Niuchang Section, Weng’an
The main Sinian–Cambrian strata in the Weng’an area include phosphorite of the Doushantuo Formation, dolomite of the Dengying Formation, black shale of the Niutitang Formation, and mudstone and sandstone of the Mingxinsi Formation. The Niuchang section shows that the stratum could divided seven sub-layers accordding to their lithology and mineralization from top to bottom, namely during the Sinian-Cambrian transition period (Figure 2B).
Gray massive dolomite (∼1.2 m thick) of the Dengying Formation, locally containing dissolution pores.
Fe–Mn oxide claystone (0.2 m thick), has a characteristics of typical paleo-weathering crust. It is discontinuous lens shape generally and distributed on concave and convex surfaces of the underlying dolomite of Sinian.
A Gy P-bearing dolomite layer, with a relatively high P content (0.2 m thick). It is the same age with the phosphorite in Zhijin of Guizhou and Kunyang of western Yunnan.
Carbonaceous silty hydromica claystone intercalated with lenticular phosphorite, total thickness 0.25 m.
Carbonaceous shale deposits containing Ni, Mo, and V. The metal sulfides are worm-like, bamboo-leaf-like and colloidal-like, distributed in a matrix of carbonaceous mica and silty sand. The ore bed is layered, lamella-like and lenticular. The boundary between the mineralized layer and the carbonaceous shale is clearly defined. The ore bed is generally 0.30 m thick.

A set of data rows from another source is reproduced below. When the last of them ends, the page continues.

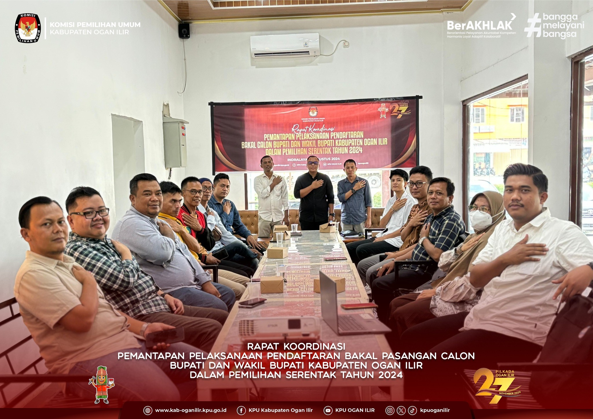 KPU Kabupaten Ogan Ilir melaksanakan Rapat Koordinasi Pemantapan Pelaksanaan Pendaftaran Bakal Pasangan Calon Bupati dan Wakil Bupati Kabupaten Ogan Ilir dalam Pemilihan Serentak Tahun 2024.
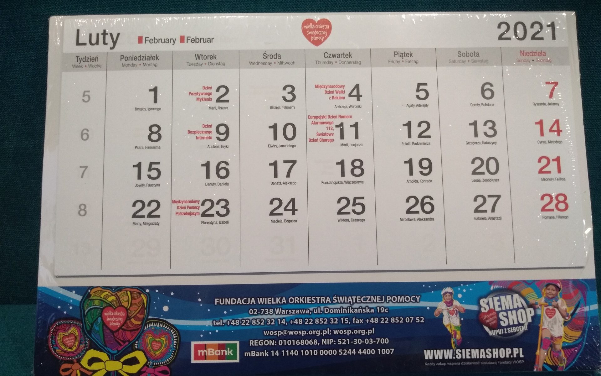 Kalendarz 3-rzędowy WOŚP – licytuj, podając swoją kwotę w komentarzach! Koniec licytacji w dniu Finału o godz. 10:00. Odbiór wylicytowanych rzeczy w dniu Finału do godz. 14:00 w remizie OSP Kieźliny.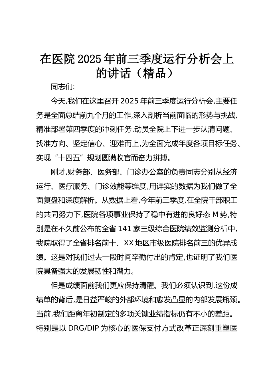 在醫(yī)院2025年前三季度運行分析會上的講話(精品)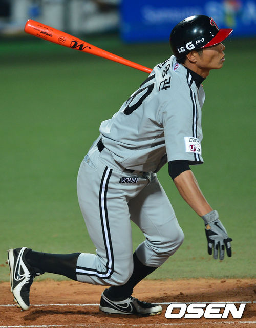 23일 오후 대구구장에서 '2013 한국야쿠르트 세븐 프로야구' 삼성 라이온즈 대 LG 트윈스와의 경기가 열렸다. 6회초 LG 공격 무사 1루 상황 9번 권용관이 안타를 날리고 있다.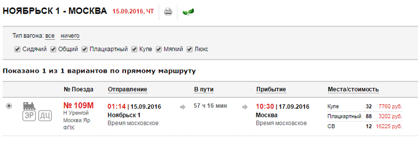 Ж/Д билеты Ноябрьск – Москва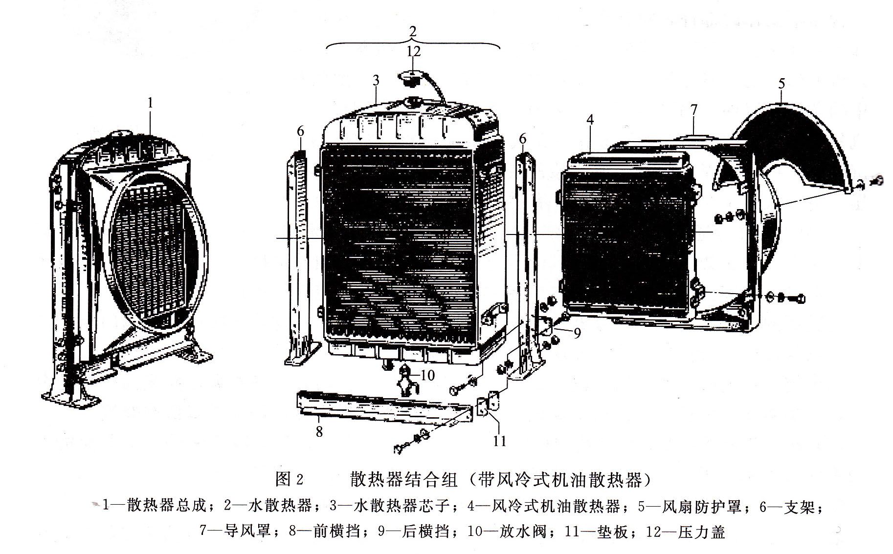 用于4、6直列型柴油機(jī)的風(fēng)冷式機(jī)油散熱器,有兩種規(guī)格,如圖3。12缸V型無(wú)風(fēng)冷式機(jī)油散熱器。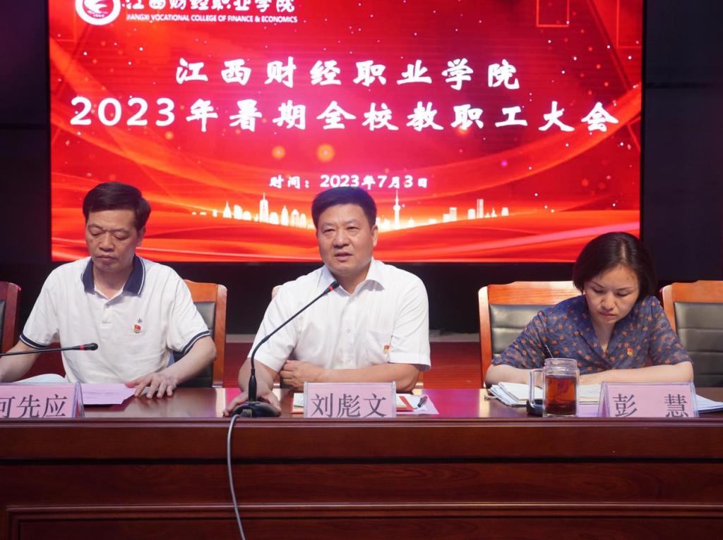 7月3日上午,beat365官网在英才交流中心召开全体教职工大会。党委书记刘彪文,党委副书记、校长彭慧及全体在家校领导班子成员出席,全体教职员工参加大会,南昌校区视频参会。会议由党委副书记、常务副校长何先应主持。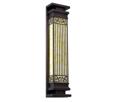 (QDQBD-YS016)戶外鍍銅拉絲仿古銅云石墻壁燈實拍效果圖片: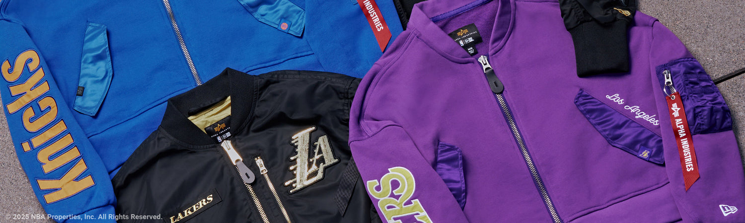Show your team pride with the Alpha Industries x New Era NBA collection. With options in the light-weight MA-1 Zip Up Hoodie, Mid-weight MA-1 Bomber Jacket, and heavy-weight N-3B Mod Parka, we have you covered no matter the weather.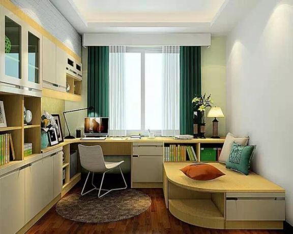 安靜是書房必備的,安靜的環(huán)境能夠快速靜下心來,進(jìn)入工作的狀態(tài), 才能辦事高效。在裝修時,可以選擇一些隔音和效果比較好的裝飾材料,在書房的天花板上,可以選擇用吸音的石膏來進(jìn)行吊頂,而書房的墻壁可以用軟包裝裝飾,比如墻紙;地面同樣可以使用吸引效果好的地毯;書房的窗簾需要選擇質(zhì)地比較厚的材料;這樣可以隔絕外面的噪音,從而進(jìn)入一個相對安靜的環(huán)境 。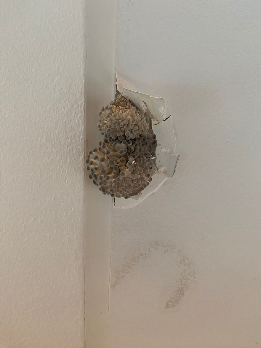 Du hast den Finger in der Wunde. Die Feuchtigkeitszufuhr für die Pilzbrut kommt über die dortige Bauteil-Trennung bzw. durch die erkennbaren Fugenabrisse.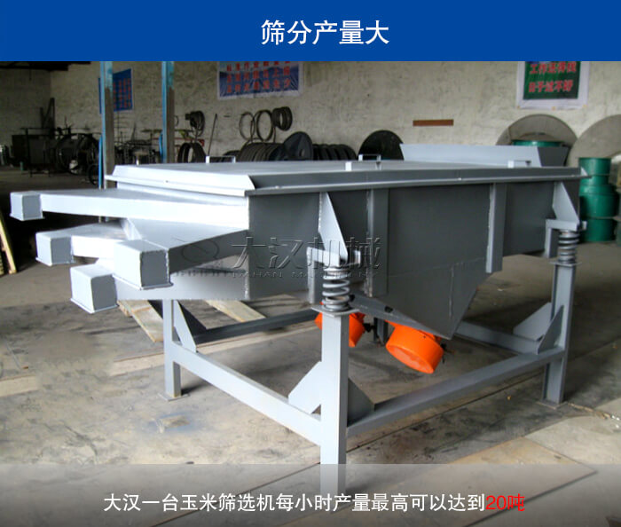 針對(duì)玉米篩選行業(yè)而言,對(duì)我們篩選機(jī)的產(chǎn)量是有要求的,大漢生產(chǎn)的玉米篩選機(jī)采用雙電機(jī)驅(qū)動(dòng),設(shè)備激振力大,而且我們的玉米篩選機(jī)加裝分料器,能有效的利用直線振動(dòng)篩篩面面積,能使物料均勻分布在篩面上,大大提升物料篩分精度與蟬聯(lián),據(jù)實(shí)驗(yàn)證明,大漢一臺(tái)玉米篩選機(jī)每小時(shí)產(chǎn)量高可以達(dá)到20噸。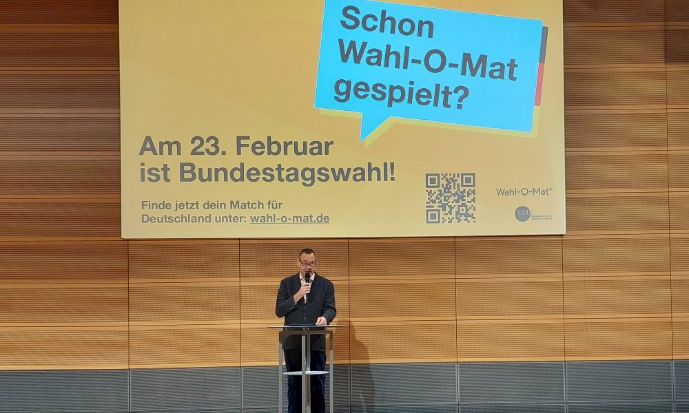 Berlin 06.02.2025 Thomas Krüger, Präsident der Bundeszentrale für politische Bildung, eröffnet heute „Wahl-O-Mat“ durch Vertreter der Parteien, die 2021 in den Bundestag gewählt würden. MOTO :...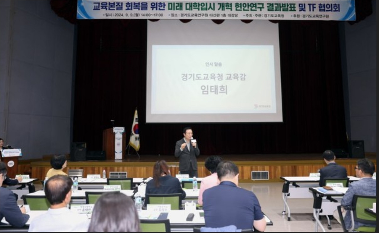 대학입시 개혁은 구체적인 방안을 마련하며 실행하고 있다. 경기교육은 2024년 7월, 교육 본질 회복을 위한 미래 대학입시 개혁 추진을 선언했다. 선언 직후 내·외부 전문가 60여 명으로 구성된 ‘미래 대학입시 개혁 전담 기구(TF)’를 조직해 지속적인 개선 방안을 논의했고, 현안 연구 보고회를 마쳤다. 같은 해 9월 대입제도 개혁 방안 정책 연구에 착수하여 12월 최종 보고회를 마치고 2025년부터는 본격적인 소통과 협의를 이어갔다.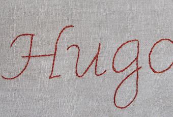 Primero disfruto bordando el nombre, como siempre a punto de tallo.
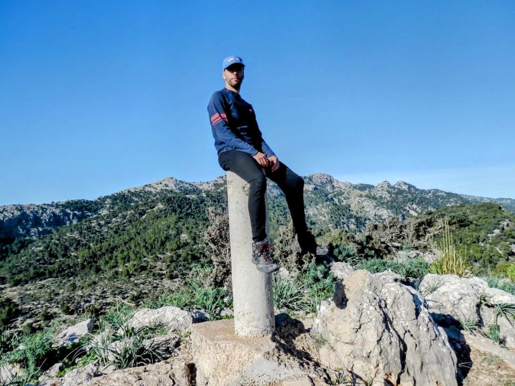Para ir a la cima del Puig de Son Nassi, no es necesario saltar por el «botador». Podemos dirigirnos por nuestra derecha dejando la pared de piedra en seco a la izquierda e iniciar el ascenso hasta la cima, siguiendo algún que otro hito; o podemos saltar por el “botador” y seguir paralelos a la pared de piedra, que ahora quedaría a nuestra derecha. La pared tiene una alambrada, que impide saltar por ella, pero esta pared finaliza en una roca y por aquí si que se puede pasar. Nosotros nos decidimos por esta segunda opción. El ascenso hasta la cima cuenta con cierta dificultad, por lo que en muchos casos hay que emplear también las manos. Alcanzada la cima podemos disfrutar de unas bonitas vistas de la bahía, la Serra de Tramuntana, Coll de Sóller.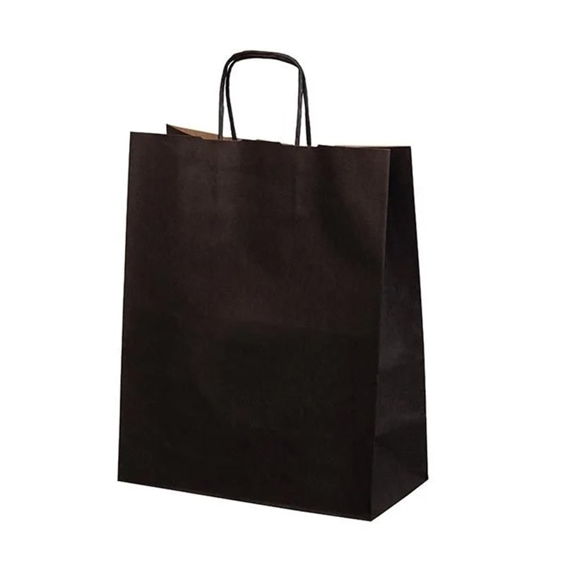 25 cm eninde, 31 cm boyunda ve 12 cm taban genişliğinde, baskısız, bükümlü saplı, 90 gr kağıt gramajında, kaliteli, iç kısmı natürel kahve kraft dış kısmı siyah zemin kağıt kraft çanta.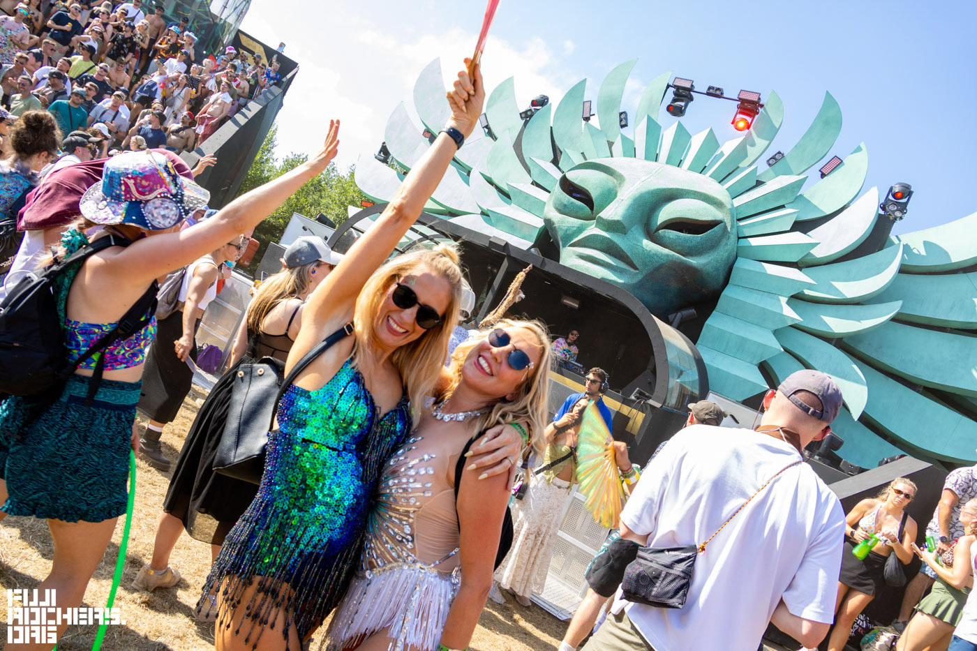 THE COMMONのTHE TEMPLEへ行ってみたら、入場までに行列ができていた。入場するとDJステージに向かって席があり、鉢状の構造はまるでコロシアムのようで圧巻だった。踊っている方々に「日が暮れて寒くなってきたらどうするのか?」と尋ねると、「朝までずっと踊ってるから大丈夫なのよ!」とのこと。JYOTYのDJステージでも同じ様な答えが返ってきた。みなさまたくましい。

A carbonaceous shale layer (0.1 m) containing V. The lamination is well developed and the bedding surface is smooth with a relatively high degree of cementation.
Carbonaceous hydromica claystone and silty claystone, total thickness >2 m.
Analytical Methods
PGE analyses were undertaken at the National Research Center for Geoanalysis (NRCG), Beijing, China. A digestion technique involving 100 ml Teflon beakers and stainless-steel pressure bomb was used (Qi et al., 2011). Powdered sample (2–3 g) was dissolved in HF + HNO3 in a 120 ml Teflon beaker to remove silicates and sulfides. The dried residue, with an appropriate amount of isotopic spike solution containing 101Ru, 193Ir, 105Pd, and 194Pt was digested with 5 ml HF + 15 ml HNO3 in a sealed beaker in the pressure bomb at 190°C for 48 h, and the resulting solution evaporated to dryness. HCl (5 ml) was added to remove residual HF and HNO3 during evaporation to dryness. The residue was dissolved in 40 ml 2 mol L−1 HCl and centrifuged. PGEs were preconcentrated from the supernate by coprecipitation with Te. The main interfering elements (Cu, Ni, Zr, and Hf) were removed by ion-exchange chromatography with Dowex 50 W X8 cation exchange resin and a P507 Levextrel resin. The eluate was analyzed by inductively coupled plasma–mass spectrometry (ELAN DRC-e), with detection limits ranging from 0.004 ppb for Ir to 0.014 ppb for Pt.
Results
PGE analysis results are listed in Table 1. The total PGE (ΣPGE) content of the polymetallic layer in the Weng’an area is in the range 538.87–989.59 ppb (average 773.18 ppb) with Os = 50.41–79.99 ppb; Ir = 1.82–3.09 ppb; Ru = 5.39–13.58 ppb; Rh = 1.56–6.19 ppb; Pt = 216.87–381 ppb; and Pd = 263–380.82 ppb. The ΣPGE of the polymetallic layer in the Nayong area is in the range 373.00–793.44 ppb (average 604.96 ppb) with Os = 21.07–51.87 ppb; Ir = 1.52–4.03 ppb; Ru = 1.93–6.66 ppb; Rh = 0.03–4.32 ppb; Pt = 142.67–370.28 ppb; and Pd = 205.76–356.95 ppb. The Rh content of sample Nayong xj4-11 is very low, possibly because Rh has no corresponding isotopic calibration and the analytical result is inaccurate.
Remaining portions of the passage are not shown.